More than that I cannot say because I haven't seen the content list and I'm not sure whether there will be complete works on there or just excerpts or both. But I'm told it's a rich and interesting catalogue and that more will be added over time.

I'm hoping it'll be a place where you can scratch the kind of itch you get when you half-remember a short film you saw at a festival in 1986 and want to see it again. Or want to watch Angela d'Audney read the news or Hawkesby present The Top Half (is that what it was called?) or a documentary about a film-maker or a film about a documentary maker etc.

I gather the site will launch later this year although there's no official launch date yet. In the meantime you can drop in on the blog.

Monday, June 23, 2008

A beatblogging success story

A nice story from one of the Beatbloggers about how using social networks - advertising that you're interested in hearing from residents of a community - can work a treat for rustling up stories.

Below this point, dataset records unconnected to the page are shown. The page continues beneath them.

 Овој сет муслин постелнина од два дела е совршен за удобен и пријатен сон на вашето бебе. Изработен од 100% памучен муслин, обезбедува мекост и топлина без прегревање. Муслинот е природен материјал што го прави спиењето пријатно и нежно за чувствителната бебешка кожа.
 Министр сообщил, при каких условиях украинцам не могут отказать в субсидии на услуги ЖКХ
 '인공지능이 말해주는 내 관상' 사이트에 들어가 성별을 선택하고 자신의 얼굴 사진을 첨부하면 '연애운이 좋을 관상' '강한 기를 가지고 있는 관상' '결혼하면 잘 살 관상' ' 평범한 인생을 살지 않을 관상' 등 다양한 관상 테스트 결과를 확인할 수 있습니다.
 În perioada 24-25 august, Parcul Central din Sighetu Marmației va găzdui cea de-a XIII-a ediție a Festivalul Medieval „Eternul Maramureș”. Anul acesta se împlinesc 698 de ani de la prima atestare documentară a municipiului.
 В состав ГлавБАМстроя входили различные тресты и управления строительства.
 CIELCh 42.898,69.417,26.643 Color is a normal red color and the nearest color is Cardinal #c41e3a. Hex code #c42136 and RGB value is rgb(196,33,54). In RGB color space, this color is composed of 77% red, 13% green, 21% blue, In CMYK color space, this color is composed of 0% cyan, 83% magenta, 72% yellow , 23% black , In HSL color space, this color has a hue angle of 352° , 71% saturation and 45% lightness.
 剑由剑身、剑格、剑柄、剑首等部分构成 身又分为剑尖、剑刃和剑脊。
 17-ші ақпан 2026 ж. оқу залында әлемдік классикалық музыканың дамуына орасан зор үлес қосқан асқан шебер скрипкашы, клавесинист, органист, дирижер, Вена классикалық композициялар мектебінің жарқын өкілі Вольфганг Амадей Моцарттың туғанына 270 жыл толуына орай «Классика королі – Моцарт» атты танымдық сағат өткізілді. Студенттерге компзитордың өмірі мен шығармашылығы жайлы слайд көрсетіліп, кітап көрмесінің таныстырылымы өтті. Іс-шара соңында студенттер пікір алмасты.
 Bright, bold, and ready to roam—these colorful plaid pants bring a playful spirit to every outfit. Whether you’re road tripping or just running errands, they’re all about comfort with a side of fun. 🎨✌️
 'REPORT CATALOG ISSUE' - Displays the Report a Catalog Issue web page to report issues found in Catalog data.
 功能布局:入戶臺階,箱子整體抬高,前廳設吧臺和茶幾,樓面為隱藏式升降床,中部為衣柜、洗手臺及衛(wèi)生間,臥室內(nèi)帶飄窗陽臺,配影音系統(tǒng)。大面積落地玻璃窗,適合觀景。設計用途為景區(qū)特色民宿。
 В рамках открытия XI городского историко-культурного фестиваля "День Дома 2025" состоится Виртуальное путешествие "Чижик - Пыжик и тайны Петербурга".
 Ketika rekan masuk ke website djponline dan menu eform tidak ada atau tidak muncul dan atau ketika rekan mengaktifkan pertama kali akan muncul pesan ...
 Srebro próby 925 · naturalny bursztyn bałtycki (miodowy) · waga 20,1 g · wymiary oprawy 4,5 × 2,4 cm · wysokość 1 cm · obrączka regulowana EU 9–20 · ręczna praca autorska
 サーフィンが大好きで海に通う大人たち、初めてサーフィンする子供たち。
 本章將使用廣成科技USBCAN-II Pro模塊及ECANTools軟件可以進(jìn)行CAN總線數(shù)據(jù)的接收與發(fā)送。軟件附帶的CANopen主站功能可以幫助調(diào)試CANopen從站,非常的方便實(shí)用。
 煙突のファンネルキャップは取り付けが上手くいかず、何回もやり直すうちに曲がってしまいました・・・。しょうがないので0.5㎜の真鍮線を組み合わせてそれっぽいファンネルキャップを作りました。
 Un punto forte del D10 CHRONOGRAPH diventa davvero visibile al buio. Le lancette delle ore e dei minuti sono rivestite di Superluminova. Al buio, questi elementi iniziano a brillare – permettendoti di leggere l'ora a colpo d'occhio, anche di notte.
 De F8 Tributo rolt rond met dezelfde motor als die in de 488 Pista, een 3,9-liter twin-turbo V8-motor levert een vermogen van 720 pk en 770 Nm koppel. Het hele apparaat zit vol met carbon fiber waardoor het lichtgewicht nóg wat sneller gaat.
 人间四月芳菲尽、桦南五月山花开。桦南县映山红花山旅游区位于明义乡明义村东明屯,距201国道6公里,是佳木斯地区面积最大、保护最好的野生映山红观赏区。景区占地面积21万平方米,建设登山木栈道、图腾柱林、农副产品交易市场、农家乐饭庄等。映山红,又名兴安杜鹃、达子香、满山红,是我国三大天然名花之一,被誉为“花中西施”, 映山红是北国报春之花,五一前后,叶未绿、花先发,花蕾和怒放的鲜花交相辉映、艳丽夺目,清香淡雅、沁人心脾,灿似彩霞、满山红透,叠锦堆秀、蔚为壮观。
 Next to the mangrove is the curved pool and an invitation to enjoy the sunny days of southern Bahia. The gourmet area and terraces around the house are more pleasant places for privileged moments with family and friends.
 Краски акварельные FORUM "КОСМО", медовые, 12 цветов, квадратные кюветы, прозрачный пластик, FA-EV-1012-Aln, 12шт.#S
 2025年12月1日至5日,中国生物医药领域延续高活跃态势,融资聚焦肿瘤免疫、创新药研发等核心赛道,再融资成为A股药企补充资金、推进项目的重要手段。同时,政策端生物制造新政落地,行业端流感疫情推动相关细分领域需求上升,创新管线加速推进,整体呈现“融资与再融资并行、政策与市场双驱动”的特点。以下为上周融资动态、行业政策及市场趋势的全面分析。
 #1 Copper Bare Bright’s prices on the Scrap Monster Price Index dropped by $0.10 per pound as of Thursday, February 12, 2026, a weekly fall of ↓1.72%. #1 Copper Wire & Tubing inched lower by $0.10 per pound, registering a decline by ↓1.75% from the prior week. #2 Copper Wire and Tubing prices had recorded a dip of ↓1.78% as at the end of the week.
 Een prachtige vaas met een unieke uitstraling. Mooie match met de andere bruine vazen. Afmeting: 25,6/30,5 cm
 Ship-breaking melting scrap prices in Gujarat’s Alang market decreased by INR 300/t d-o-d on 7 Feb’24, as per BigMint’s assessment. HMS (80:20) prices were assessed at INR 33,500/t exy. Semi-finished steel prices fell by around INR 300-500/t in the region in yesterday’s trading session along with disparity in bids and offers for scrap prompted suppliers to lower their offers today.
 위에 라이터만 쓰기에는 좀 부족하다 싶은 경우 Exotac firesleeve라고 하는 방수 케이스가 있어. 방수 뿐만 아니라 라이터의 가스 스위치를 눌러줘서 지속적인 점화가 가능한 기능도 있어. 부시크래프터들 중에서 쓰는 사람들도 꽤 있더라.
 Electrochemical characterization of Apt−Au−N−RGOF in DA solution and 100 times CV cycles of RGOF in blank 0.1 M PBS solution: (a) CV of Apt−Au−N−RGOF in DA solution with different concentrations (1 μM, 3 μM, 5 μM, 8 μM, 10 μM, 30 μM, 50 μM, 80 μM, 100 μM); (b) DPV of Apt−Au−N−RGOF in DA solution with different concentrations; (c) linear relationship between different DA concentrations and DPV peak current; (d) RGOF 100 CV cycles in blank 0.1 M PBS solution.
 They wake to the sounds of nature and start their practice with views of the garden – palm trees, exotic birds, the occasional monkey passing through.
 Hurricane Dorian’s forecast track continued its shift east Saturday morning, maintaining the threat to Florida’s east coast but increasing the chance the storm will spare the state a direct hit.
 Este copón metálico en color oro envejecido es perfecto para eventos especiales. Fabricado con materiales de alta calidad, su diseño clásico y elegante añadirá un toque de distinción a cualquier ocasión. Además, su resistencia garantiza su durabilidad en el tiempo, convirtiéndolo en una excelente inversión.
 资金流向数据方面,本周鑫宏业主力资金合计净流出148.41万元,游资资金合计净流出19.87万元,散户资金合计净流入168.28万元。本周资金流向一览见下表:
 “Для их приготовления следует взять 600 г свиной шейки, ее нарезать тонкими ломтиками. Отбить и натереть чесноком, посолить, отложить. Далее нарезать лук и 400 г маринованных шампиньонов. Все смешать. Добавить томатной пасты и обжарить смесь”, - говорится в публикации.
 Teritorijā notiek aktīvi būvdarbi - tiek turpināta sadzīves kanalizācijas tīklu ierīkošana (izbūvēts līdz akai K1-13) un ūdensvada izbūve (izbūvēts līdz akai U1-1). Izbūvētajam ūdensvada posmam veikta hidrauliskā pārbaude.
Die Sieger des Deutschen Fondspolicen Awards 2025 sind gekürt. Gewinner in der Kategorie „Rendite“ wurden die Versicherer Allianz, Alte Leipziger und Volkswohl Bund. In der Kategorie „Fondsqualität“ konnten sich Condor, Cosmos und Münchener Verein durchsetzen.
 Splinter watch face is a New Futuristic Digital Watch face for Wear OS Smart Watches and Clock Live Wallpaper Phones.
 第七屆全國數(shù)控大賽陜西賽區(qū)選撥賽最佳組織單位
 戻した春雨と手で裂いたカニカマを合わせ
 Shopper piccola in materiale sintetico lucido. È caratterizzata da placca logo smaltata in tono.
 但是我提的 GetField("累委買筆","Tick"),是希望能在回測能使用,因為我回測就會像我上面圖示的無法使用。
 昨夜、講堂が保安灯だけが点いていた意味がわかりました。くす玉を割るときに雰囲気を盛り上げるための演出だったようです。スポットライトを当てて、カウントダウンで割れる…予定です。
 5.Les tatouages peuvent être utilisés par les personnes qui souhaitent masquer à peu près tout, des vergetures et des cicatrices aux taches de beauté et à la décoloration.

This is from US reporter Daniel Victor, who writes for the Patriot-News (Pennsylvania):

A woman in the town I cover believed that she had spotted an injustice... But she didn’t know what to do with this knowledge, so like any other computer user, she turned to Google.

She typed in the name of a resident in town who her neighbors had recommended, a person who might know what to do with this information.One of the first results took her to The Hershey Home, the Ning network I set up for the beatblogging project. The resident she sought has been a frequent contributor to the network.

Once there, she strolled around the site. She read all of my solicitations for story ideas, background information on stories I was already working on, and feedback for stories I’ve already written. She went ahead and e-mailed me to set up a meeting.

After she spilled the beans at our meeting, I asked her why she contacted me. “I just read through your comments on the site, and you seemed like the type of person who would want to hear this,” she responded.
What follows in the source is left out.